▸ DATASET CONTENT
*****
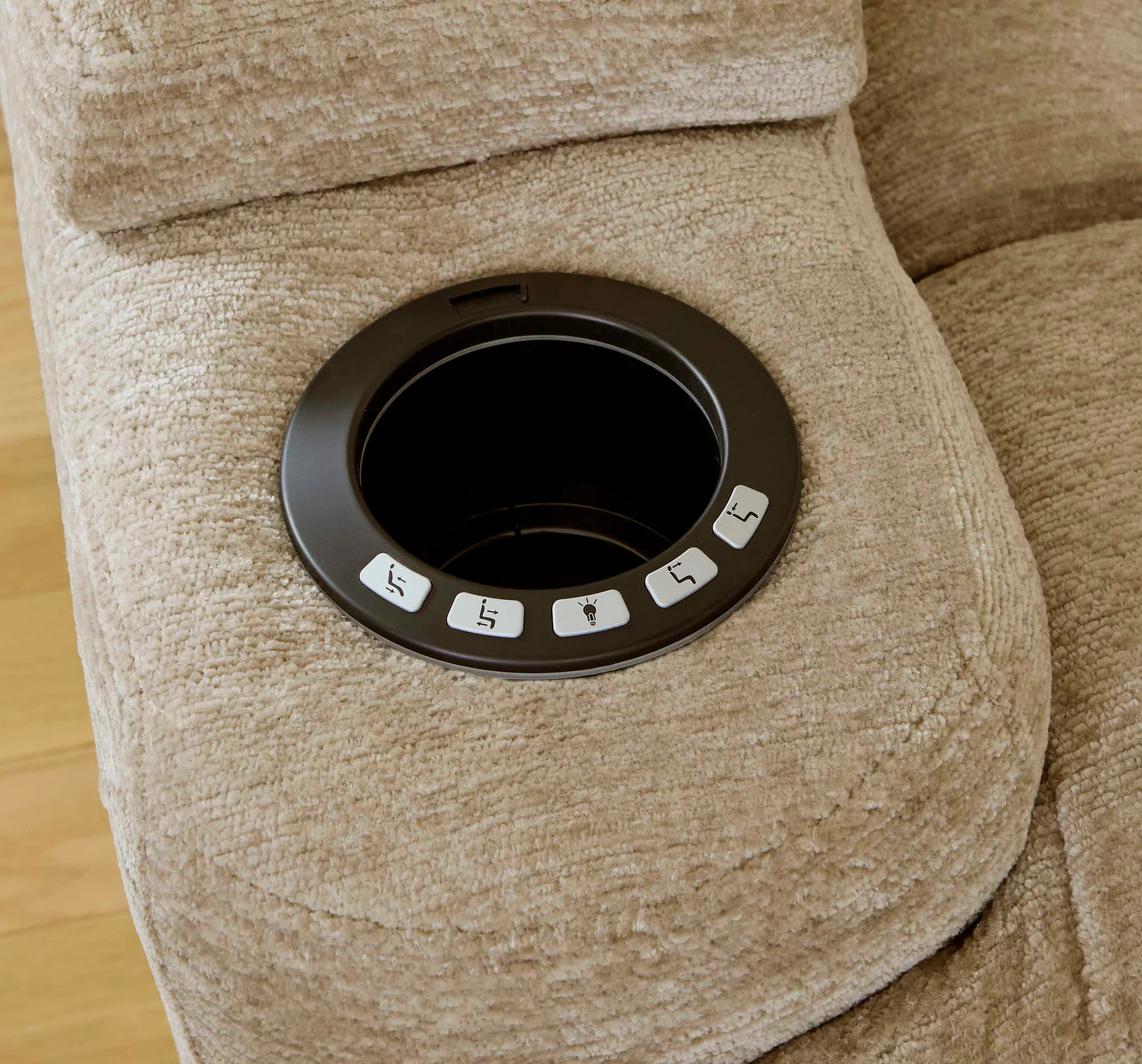 - Inset black cupholder with integrated reclining switch, displaying individual buttons for reclining, adjusting headrest, and illuminating the ambient blue cup holder light with one USB port
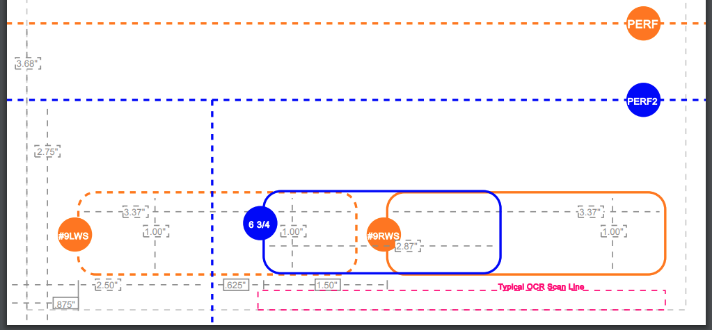 At the bottom of the document you'll see additional information. The orange dashed PERF line represents the placement of the perforated line on our 2/3 perforated paper stock, while the blue dashed lines represents the placement of the perforated lines on our 6 3/4 perforated paper stock.
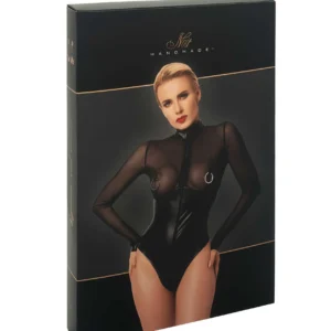 Découvrez le mélange parfait de séduction et d’espièglerie avec notre séduisant body. Cette pièce enchanteresse est dotée d’un design captivant qui ne manquera pas de laisser une impression durable.Design: Avec une coupe moulante et sexy qui met en valeur votre curves, ce body dégage de l’assurance et de l’allure. La partie supérieure est composée d’un tulle doux et extensible, entièrement transparent, qui crée un effet aguicheur et séduisant. Des anneaux métalliques stratégiquement cousus à la hauteur des seins ajoutent un élément d’intrigue, ce qui en fait un choix idéal pour les moments spéciaux.Col haut: Le col montant, en powerwetlook, ajoute une touche de sophistication à l’ensemble, contrastant joliment avec le tulle transparent. Manches longues: Les manches longues en tulle doux offrent une allure délicate mais séduisante, rendant vos bras et votre silhouette encore plus irrésistibles.Détail de la fermeture éclair : Une fermeture éclair s’étend du col jusqu’à l’entrejambe, ce qui vous permet de vous glisser facilement dans cette pièce séduisante et d’en dévoiler autant ou aussi peu que vous le souhaitez. C’est un détail provocateur qui ajoute une couche d’excitation à votre tenue.Style: Ce body est conçu pour être séduisant, pervers et ludique. Il est parfait pour les moments intimes où vous voulez allumer l’étincelle de la passion et explorer vos désirs.
*****
▸ TASK DETAILS
Except for the pictures, return every line of the material exactly.

▸ EXERCISE OUTPUT
 - Inset black cupholder with integrated reclining switch, displaying individual buttons for reclining, adjusting headrest, and illuminating the ambient blue cup holder light with one USB port
 At the bottom of the document you'll see additional information. The orange dashed PERF line represents the placement of the perforated line on our 2/3 perforated paper stock, while the blue dashed lines represents the placement of the perforated lines on our 6 3/4 perforated paper stock.
 Découvrez le mélange parfait de séduction et d’espièglerie avec notre séduisant body. Cette pièce enchanteresse est dotée d’un design captivant qui ne manquera pas de laisser une impression durable.Design: Avec une coupe moulante et sexy qui met en valeur votre curves, ce body dégage de l’assurance et de l’allure. La partie supérieure est composée d’un tulle doux et extensible, entièrement transparent, qui crée un effet aguicheur et séduisant. Des anneaux métalliques stratégiquement cousus à la hauteur des seins ajoutent un élément d’intrigue, ce qui en fait un choix idéal pour les moments spéciaux.Col haut: Le col montant, en powerwetlook, ajoute une touche de sophistication à l’ensemble, contrastant joliment avec le tulle transparent. Manches longues: Les manches longues en tulle doux offrent une allure délicate mais séduisante, rendant vos bras et votre silhouette encore plus irrésistibles.Détail de la fermeture éclair : Une fermeture éclair s’étend du col jusqu’à l’entrejambe, ce qui vous permet de vous glisser facilement dans cette pièce séduisante et d’en dévoiler autant ou aussi peu que vous le souhaitez. C’est un détail provocateur qui ajoute une couche d’excitation à votre tenue.Style: Ce body est conçu pour être séduisant, pervers et ludique. Il est parfait pour les moments intimes où vous voulez allumer l’étincelle de la passion et explorer vos désirs.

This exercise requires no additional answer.